The foregoing description is qualified in its entirety by
reference to the Restated Certificate, a copy of which is
attached hereto as Exhibit 3.1 and is incorporated herein by
reference.

Amendment and Restatement of Bylaws

On May17, 2017, the Company adopted amended and restated bylaws
in connection with the closing of the IPO. The Companys Board and
stockholders previously approved the amended and restated bylaws
to be adopted in connection with, and to be effective upon, the
closing of the IPO.

The amended and restated bylaws, among other things:

establish advance notice requirements for stockholder
nominations for election to the Companys Board and for
proposals to be brought by stockholders before any meeting of
the Companys stockholders;
prohibit stockholder action by written consent in lieu of a
meeting, thereby requiring all stockholder actions to be
taken at a meeting of the Companys stockholders;
set forth the rights, powers and manner of acting of the
Board and officers of the Company;
establish a classified board of directors consisted of three
classes, as a result of which the successors to the directors
whose terms have expired will be elected to serve from the
time of election and qualification until the third annual
meeting following their election; and
provide for the indemnification of directors and officers of
the Company, and allow the indemnification of employees and
agents of the Company, in each case to the extent not
prohibited by applicable law.

The foregoing description is qualified in its entirety by
reference to the Companys amended and restated bylaws, a copy of
which is attached hereto as Exhibit 3.2 and is incorporated
herein by reference.

Item8.01 Other Information

On May18, 2017, the Company issued a press release announcing the
closing of the IPO, including an announcement that the Common
Stock commenced trading on the NASDAQ Global Market on May15,
2017. A copy of the press release is attached as Exhibit 99.1 to
this Current Report on Form 8-K and is incorporated herein by
reference.

Item9.01 Financial Statements and Exhibits.

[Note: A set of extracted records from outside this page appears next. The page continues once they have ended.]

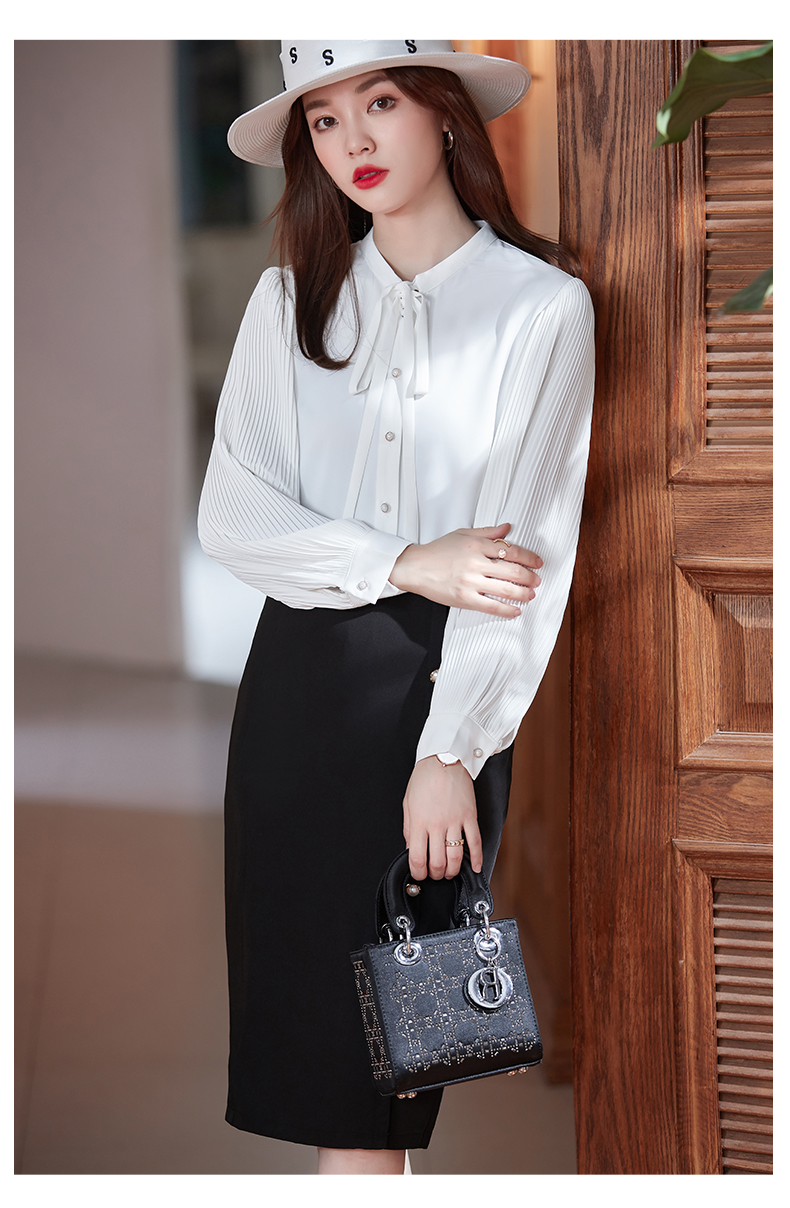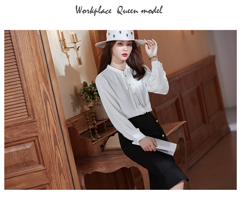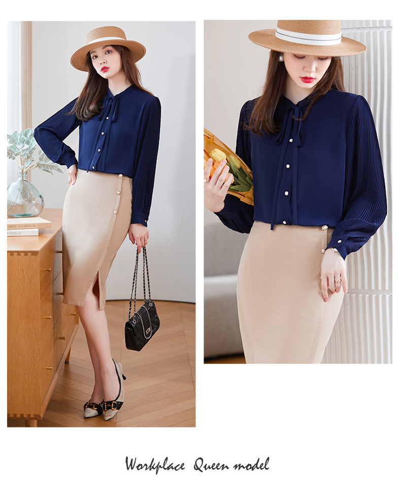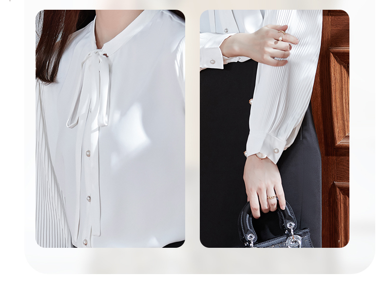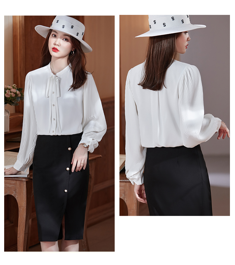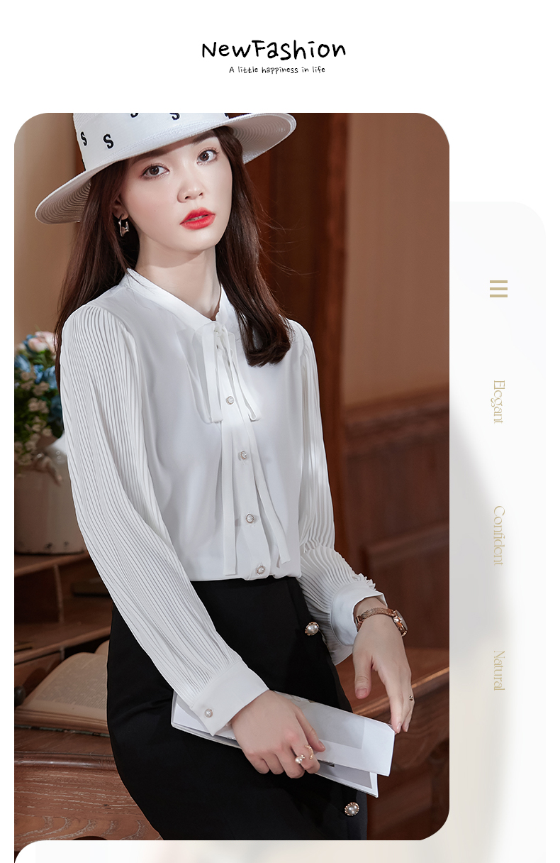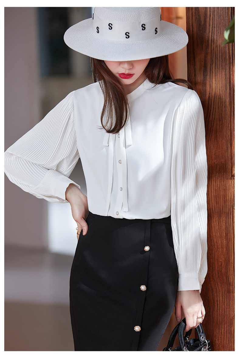 洋气时尚褶皱灯笼袖衬衫设计感休闲百搭时尚百搭系带衬衣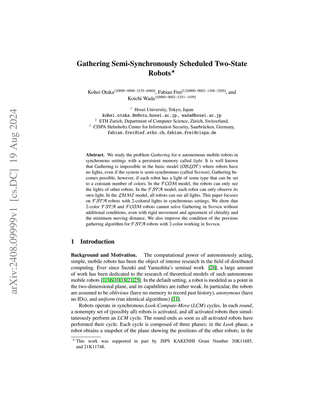 Gathering Semi-Synchronously Scheduled Two-State Robots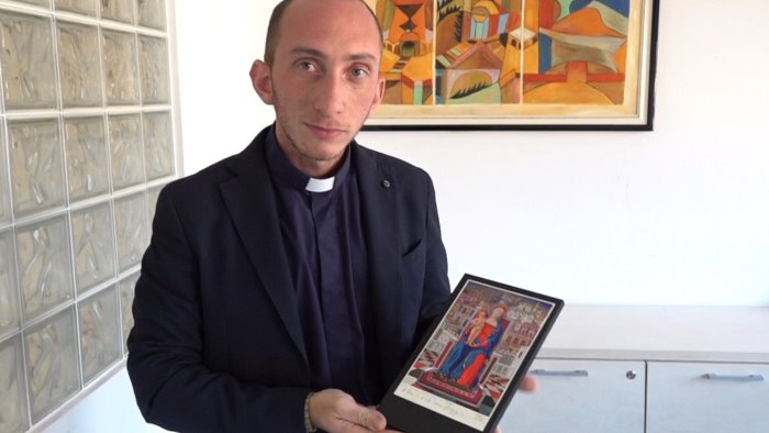 E' il dono di Don Mario Cucciniello, uno dei nuovi tre preti ordinati da monsignor Arturo Aiello, per la città di Avellino. Opera d'arte del Maestro Vallifuoco, è stata pensata e realizzata per donare un segno della prima messa officiata da don Mario, nel Santuario del Santissimo Rosario del Corso Vittorio Emanuele. "Una scelta quasi scontata – spiega don Mario -. Abbiamo scelto di calare la nostra Madonna nella città. Come si vede, le quinte perimetrali dell'icona, sono le bellezze del nostro capoluogo e non solo. Ci sono le mura longobarde e il Duomo, i palazzi del centro antico, in quelle tinte a noi così care come il rosso pompeiano e il giallo paglierino, ma anche il monastero di Montevergine. "Sub Tuum Presidium". Abbiamo voluto dare questo titolo per ricordare la grande forza e bellezza della protezione divina della Madonna". Don Mario porterà in dono questa immagine anche al commissario prefettizio, così da lasciarla nell'ufficio di chi guiderà, anche in futuro, il capoluogo nelle difficili sfide del tempo presente.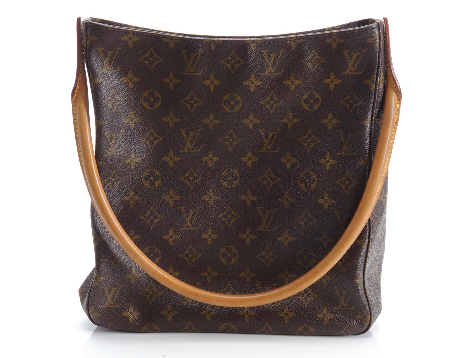 Styled in brown monogram coated canvas with golden brass metal hardware, 28 x 32 x 11cm.

(c) Exhibits. The following materials are filed as an exhibits to
this Current Report on Form 8-K:

Exhibit No.

3.1 Third Amended and Restated Certificate of Incorporation of
Veritone, Inc.
3.2 Amended and Restated Bylaws of Veritone, Inc.
99.1 Press Release dated May18, 2017.


About Veritone, Inc. (NYSE:PAY)

VeriFone Systems, Inc. offers payments and commerce solutions. The Company is engaged in designing, manufacturing, marketing and supplying a range of payment solutions and complementary services. It provides solutions and services for the retail point-of-sale (POS) that enable various forms of commerce. The Company’s segments include Verifone Systems and Verifone Services. The Verifone Systems segment delivers point of sale electronic payment devices that run the operating systems, security and encryption software, and certified payment software for both payments and commerce. The Verifone Services segment delivers device-related leasing and maintenance, payment transaction routing and reporting, and commerce based services, such as advertising on digital screens. The Company operates in various sectors, such as financial services, retail, petroleum, restaurant, hospitality, taxi, transportation and healthcare.

Veritone, Inc. (NYSE:PAY) Recent Trading Information

Veritone, Inc. (NYSE:PAY) closed its last trading session up +0.02 at 17.77 with 761,466 shares trading hands.